Task goal
In the records below, find the line containing "Greenfield Чай черный" and the line containing "오버워치에는 개발자들이 개발하고"; please repeat exactly the lines from one to the other, both included, and nothing more.

Given entries
⟨

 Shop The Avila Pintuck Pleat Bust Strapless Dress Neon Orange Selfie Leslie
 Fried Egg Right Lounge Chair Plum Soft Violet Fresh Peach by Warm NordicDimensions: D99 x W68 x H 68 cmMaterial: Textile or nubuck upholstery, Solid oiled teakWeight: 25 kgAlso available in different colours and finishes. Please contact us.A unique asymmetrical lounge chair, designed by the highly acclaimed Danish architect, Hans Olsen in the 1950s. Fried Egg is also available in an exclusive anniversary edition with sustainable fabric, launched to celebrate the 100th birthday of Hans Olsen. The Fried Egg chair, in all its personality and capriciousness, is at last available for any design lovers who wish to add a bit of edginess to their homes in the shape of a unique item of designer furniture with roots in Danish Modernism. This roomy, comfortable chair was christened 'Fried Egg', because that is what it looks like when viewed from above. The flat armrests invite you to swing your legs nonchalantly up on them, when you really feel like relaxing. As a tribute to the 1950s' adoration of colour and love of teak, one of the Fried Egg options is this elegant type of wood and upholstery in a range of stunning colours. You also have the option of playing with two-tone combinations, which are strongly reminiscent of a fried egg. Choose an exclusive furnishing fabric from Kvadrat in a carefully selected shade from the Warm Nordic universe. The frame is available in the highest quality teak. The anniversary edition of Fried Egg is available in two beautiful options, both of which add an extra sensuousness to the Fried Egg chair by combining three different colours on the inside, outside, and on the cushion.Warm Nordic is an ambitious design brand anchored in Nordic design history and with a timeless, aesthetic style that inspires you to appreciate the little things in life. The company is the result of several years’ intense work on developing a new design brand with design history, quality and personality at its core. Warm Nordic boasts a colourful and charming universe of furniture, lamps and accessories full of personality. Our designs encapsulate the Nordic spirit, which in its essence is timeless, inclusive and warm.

⟩
⟨

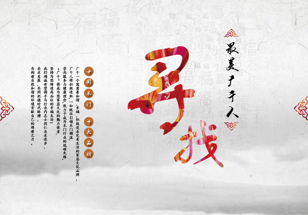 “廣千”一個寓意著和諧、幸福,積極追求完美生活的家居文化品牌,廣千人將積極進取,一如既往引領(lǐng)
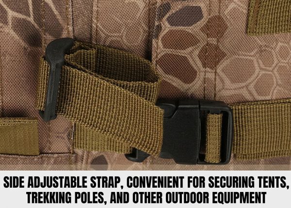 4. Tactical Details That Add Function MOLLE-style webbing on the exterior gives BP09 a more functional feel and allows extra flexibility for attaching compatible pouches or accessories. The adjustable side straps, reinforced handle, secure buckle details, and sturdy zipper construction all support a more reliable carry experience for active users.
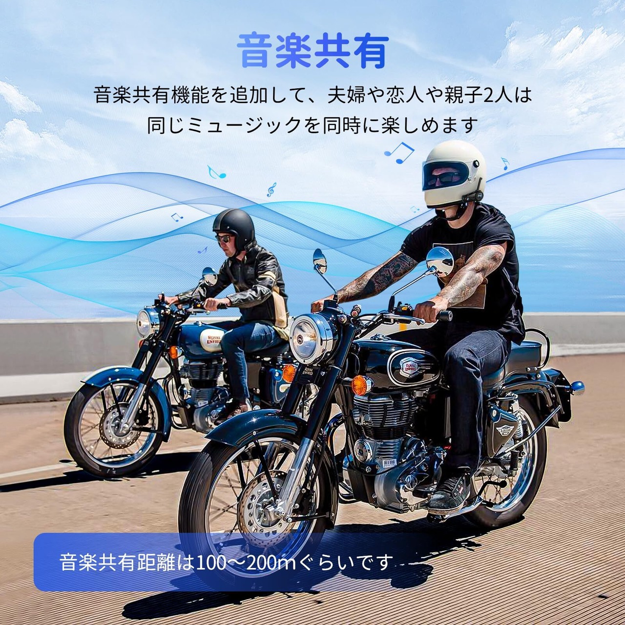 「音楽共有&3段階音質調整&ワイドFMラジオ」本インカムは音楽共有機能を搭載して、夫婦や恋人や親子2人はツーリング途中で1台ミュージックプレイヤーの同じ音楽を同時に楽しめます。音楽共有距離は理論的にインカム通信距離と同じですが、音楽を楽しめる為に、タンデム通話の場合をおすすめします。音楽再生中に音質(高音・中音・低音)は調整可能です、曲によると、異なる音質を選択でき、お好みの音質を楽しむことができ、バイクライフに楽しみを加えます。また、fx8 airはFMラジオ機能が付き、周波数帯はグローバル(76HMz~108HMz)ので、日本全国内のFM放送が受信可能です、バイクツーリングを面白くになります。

⟩
⟨

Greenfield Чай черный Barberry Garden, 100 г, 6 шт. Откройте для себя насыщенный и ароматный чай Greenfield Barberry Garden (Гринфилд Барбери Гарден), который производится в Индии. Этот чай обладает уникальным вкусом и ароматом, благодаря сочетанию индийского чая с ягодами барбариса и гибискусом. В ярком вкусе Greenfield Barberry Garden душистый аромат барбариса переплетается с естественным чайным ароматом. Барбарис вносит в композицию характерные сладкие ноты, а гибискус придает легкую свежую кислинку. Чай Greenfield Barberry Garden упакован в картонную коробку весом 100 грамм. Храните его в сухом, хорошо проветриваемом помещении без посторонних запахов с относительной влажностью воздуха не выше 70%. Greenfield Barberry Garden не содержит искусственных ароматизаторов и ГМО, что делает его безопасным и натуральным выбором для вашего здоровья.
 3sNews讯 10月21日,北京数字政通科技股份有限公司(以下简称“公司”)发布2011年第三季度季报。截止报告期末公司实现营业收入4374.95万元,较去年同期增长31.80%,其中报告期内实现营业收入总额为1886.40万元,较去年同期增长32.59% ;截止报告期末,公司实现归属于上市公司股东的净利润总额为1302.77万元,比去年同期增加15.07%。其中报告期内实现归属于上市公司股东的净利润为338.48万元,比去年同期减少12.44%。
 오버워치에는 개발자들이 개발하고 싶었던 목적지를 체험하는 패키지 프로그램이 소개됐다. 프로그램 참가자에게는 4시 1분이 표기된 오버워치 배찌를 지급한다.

⟩

Answer to this exercise
Greenfield Чай черный Barberry Garden, 100 г, 6 шт. Откройте для себя насыщенный и ароматный чай Greenfield Barberry Garden (Гринфилд Барбери Гарден), который производится в Индии. Этот чай обладает уникальным вкусом и ароматом, благодаря сочетанию индийского чая с ягодами барбариса и гибискусом. В ярком вкусе Greenfield Barberry Garden душистый аромат барбариса переплетается с естественным чайным ароматом. Барбарис вносит в композицию характерные сладкие ноты, а гибискус придает легкую свежую кислинку. Чай Greenfield Barberry Garden упакован в картонную коробку весом 100 грамм. Храните его в сухом, хорошо проветриваемом помещении без посторонних запахов с относительной влажностью воздуха не выше 70%. Greenfield Barberry Garden не содержит искусственных ароматизаторов и ГМО, что делает его безопасным и натуральным выбором для вашего здоровья.
 3sNews讯 10月21日,北京数字政通科技股份有限公司(以下简称“公司”)发布2011年第三季度季报。截止报告期末公司实现营业收入4374.95万元,较去年同期增长31.80%,其中报告期内实现营业收入总额为1886.40万元,较去年同期增长32.59% ;截止报告期末,公司实现归属于上市公司股东的净利润总额为1302.77万元,比去年同期增加15.07%。其中报告期内实现归属于上市公司股东的净利润为338.48万元,比去年同期减少12.44%。
 오버워치에는 개발자들이 개발하고 싶었던 목적지를 체험하는 패키지 프로그램이 소개됐다. 프로그램 참가자에게는 4시 1분이 표기된 오버워치 배찌를 지급한다.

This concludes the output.